## Work item
Repeat the listing exactly. Do not carry over any pictures.

## Supplied entries
────────────────────
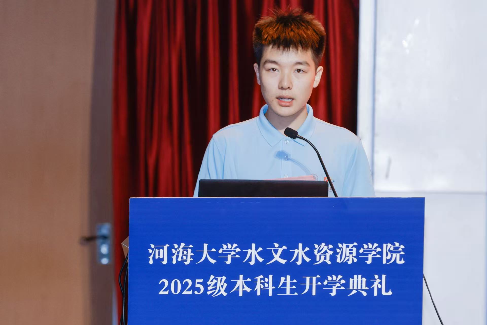 新生代表、2025级水文与水资源工程专业金光耀同学表达了对大学生活的憧憬与决心。他表示将秉承“艰苦朴素、实事求是、严格要求、勇于探索”的河海校训,以师长为榜样,努力成为有理想、敢担当、能吃苦、肯奋斗的新时代青年。
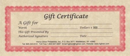 500.00 Gift Certificate – Other Amounts Available!
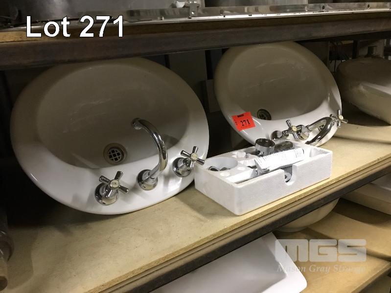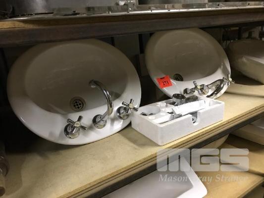 4 x CERAMIC VANITY BASINS INC 3 x IN COUNTER, 2 WITH TAP FITTINGS & 1 x SEMI RECESSED
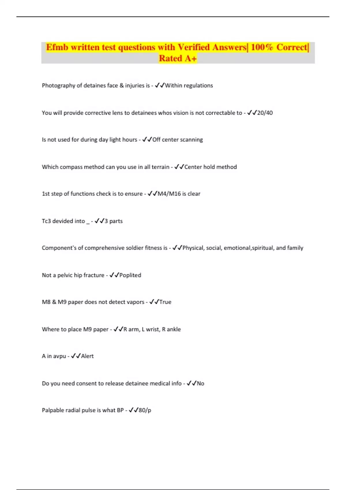 Efmb written test questions with Verified Answers| 100% Correct| Rated A+ Photography of detaines face & injuries is - Within regulations You will provide corrective lens to detainees whos vision is not correctable to - 20/40 Is not used for during day light hours - Off center scanning Which compass method can you use in all terrain - Center hold method 1st step of functions check is to ensure - M4/M16 is clear Tc3 devided into _ - 3 parts Component's of comprehensive soldier fitness is - Physical, social, emotional,spiritual, and family Not a pelvic hip fracture - Poplited
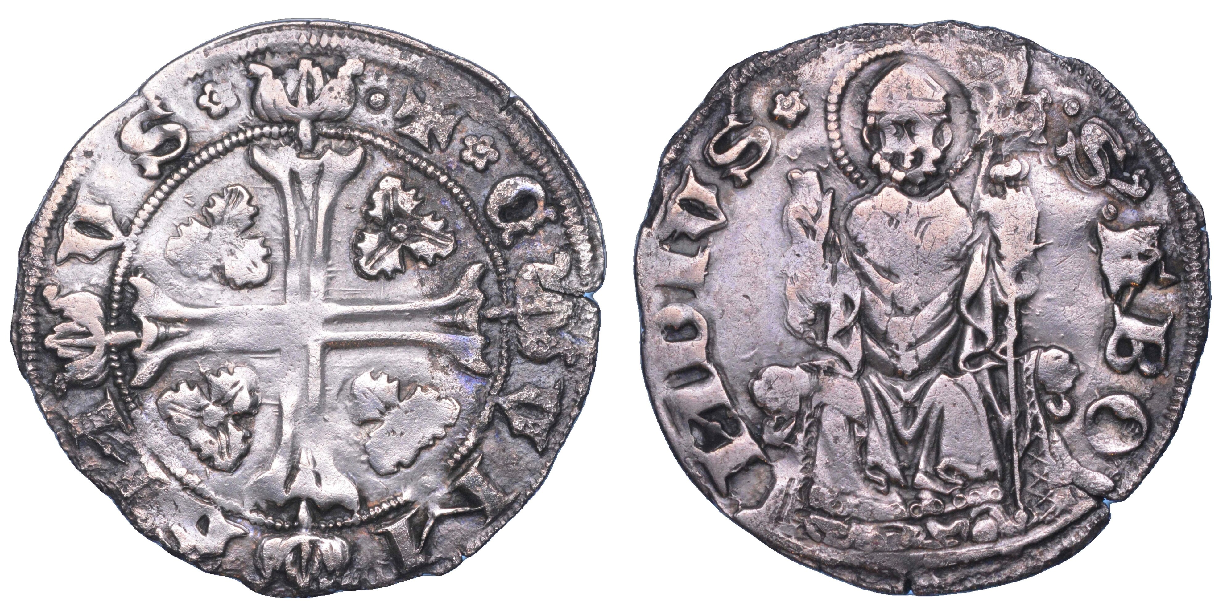 Croce gigliata con trifogli nei quarti. R/ Sant'Abbondio. seduto frontale e benedicente, regge pastorale. MIR 283. Molto raro. g. 2,41. Diam. mm. 25,10. Arg. Corrosioni. MB
────────────────────
## Task solution
 新生代表、2025级水文与水资源工程专业金光耀同学表达了对大学生活的憧憬与决心。他表示将秉承“艰苦朴素、实事求是、严格要求、勇于探索”的河海校训,以师长为榜样,努力成为有理想、敢担当、能吃苦、肯奋斗的新时代青年。
 500.00 Gift Certificate – Other Amounts Available!
 4 x CERAMIC VANITY BASINS INC 3 x IN COUNTER, 2 WITH TAP FITTINGS & 1 x SEMI RECESSED
 Efmb written test questions with Verified Answers| 100% Correct| Rated A+ Photography of detaines face & injuries is - Within regulations You will provide corrective lens to detainees whos vision is not correctable to - 20/40 Is not used for during day light hours - Off center scanning Which compass method can you use in all terrain - Center hold method 1st step of functions check is to ensure - M4/M16 is clear Tc3 devided into _ - 3 parts Component's of comprehensive soldier fitness is - Physical, social, emotional,spiritual, and family Not a pelvic hip fracture - Poplited
 Croce gigliata con trifogli nei quarti. R/ Sant'Abbondio. seduto frontale e benedicente, regge pastorale. MIR 283. Molto raro. g. 2,41. Diam. mm. 25,10. Arg. Corrosioni. MB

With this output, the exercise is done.